So Vail, 61, a disabled Vietnam-era veteran, took it upon himself to keep kids safe by directing traffic, escorting students across the street and encouraging them not to walk between the buses parked on Lyme Street.

"I saw the danger," he said. "I didn't want to see anyone get hurt."

School officials say they welcomed Vail's effort and even went as far as to buy him a green reflective vest and hand-held stop sign to help him do his thing. They also contacted city police about the safety issues in the school's vicinity and developed a plan for traffic flow, and say they sent reminders home to parents about being careful when dropping off and picking up their children. And recently Vail was hailed for his efforts in the school newsletter.
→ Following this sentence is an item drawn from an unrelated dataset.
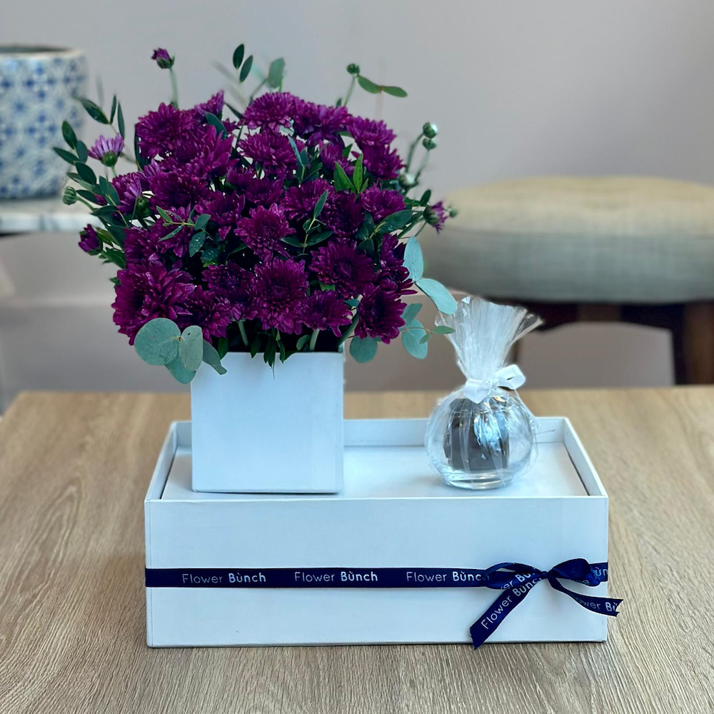 باقة مرتبة بزهور الكريز والشوكولاتة.
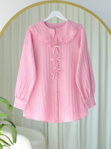 • Önü Kurdele Detaylı Düğmeli Önlük Yaka Gömlek Pembe

Jay Mihalko, the school's dean of students, also intervened when a few parents complained about what Vail was doing or got into disagreements with him.
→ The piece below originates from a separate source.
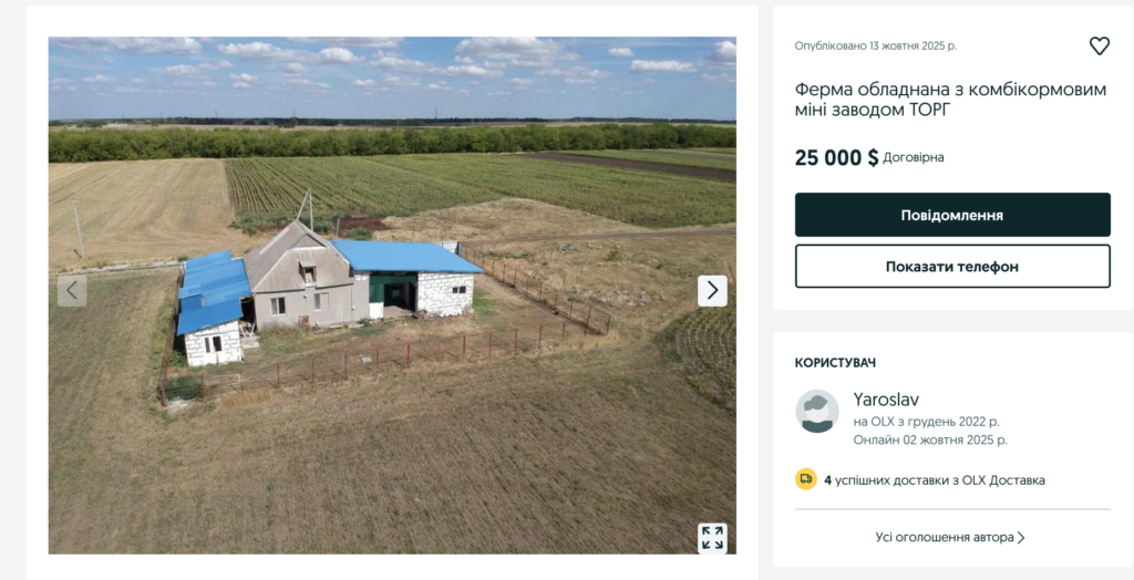 У Запоріжжі оприлюднено оголошення про продаж повністю обладнаної ферми з комбікормовим міні-заводом. Об’єкт розташований у межах міста, загальна площа приміщень — близько 380 м², а вартість продажу становить 25 000 доларів США.

"We had to keep bringing it back to child safety and remind them that Ray was out there to help," Mihalko said.

In the meantime Vail continued to lobby police for more presence, got dozens of parents to sign a petition asking the city for three school zone signs, two painted pedestrian crosswalks and an additional crossing guard.

Two weeks ago, the extra crossing guard showed up, but Vail has yet to see any additional signs or painted crosswalks. At the time he said it didn't matter, because he wasn't going anywhere until his requests were answered.
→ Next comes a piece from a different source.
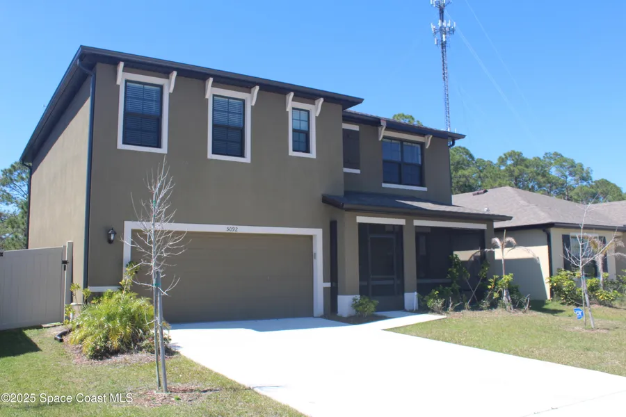 SELLER IS MOTIVATED! This Solar Power home was built in 2022 and has a 4.75% VA assumable loan for qualified veterans. This 5 Bedroom 3 full bath home has 2600 square feet of living. The first floor features an open concept with the kitchen island overlooking the dining and family room area. The five bedrooms are split between the two floors with a guest suite on the first floor and remaining bedrooms and laundry room on the second floor. The master bath features a walk- in shower, two walk in closet and double sinks. There is a large flex room on the second floor that can be used as a TV room or game room. The kitchen features stainless steel appliances, granite counter tops, breakfast bar, tile floor and pantry. The front porch has been screened in, and the backyard is fully fenced. The home backups to a natural preserve. With access to the community pool, savings on your power bill and a 4.75% assumable loan, you could not find a better value.

"I can't let it go," he said.

But Tuesday, after his morning shift, Vail said he got a call from a police officer telling him that if he didn't stop directing traffic or crossing children other than A'netrice, he would be arrested for obstructing traffic.

"It's unbelievable," Vail said. "Two weeks ago he told me what a wonderful job I was doing."

Hartford Police Chief Daryl K. Roberts said he applauded Vail's initiative, but when parents complained, the department had to do its job and enforce the law.

"It could be a public safety issue," Roberts said. "It's a sad commentary, though. He was just trying to do something that's right and good."

Mihalko said that, setting aside the new restrictions on Vail, the school still wants him to stay involved and finish what he started with safety improvements for the students and beyond.

"He still has quite a presence with the kids. They really look up to him," Mihalko said, adding that the school planned to put Vail's drive and energy to use in other areas.

Vail said he'll stay out of the street and escort only A'netrice to and from school from now on. But he plans to monitor the situation from the sidelines, write down license plate numbers if he sees wrongdoing and get the pedestrian lines done.

"And if it's a situation where I see a kid about to get hit, I won't just stand and watch it happen," he said.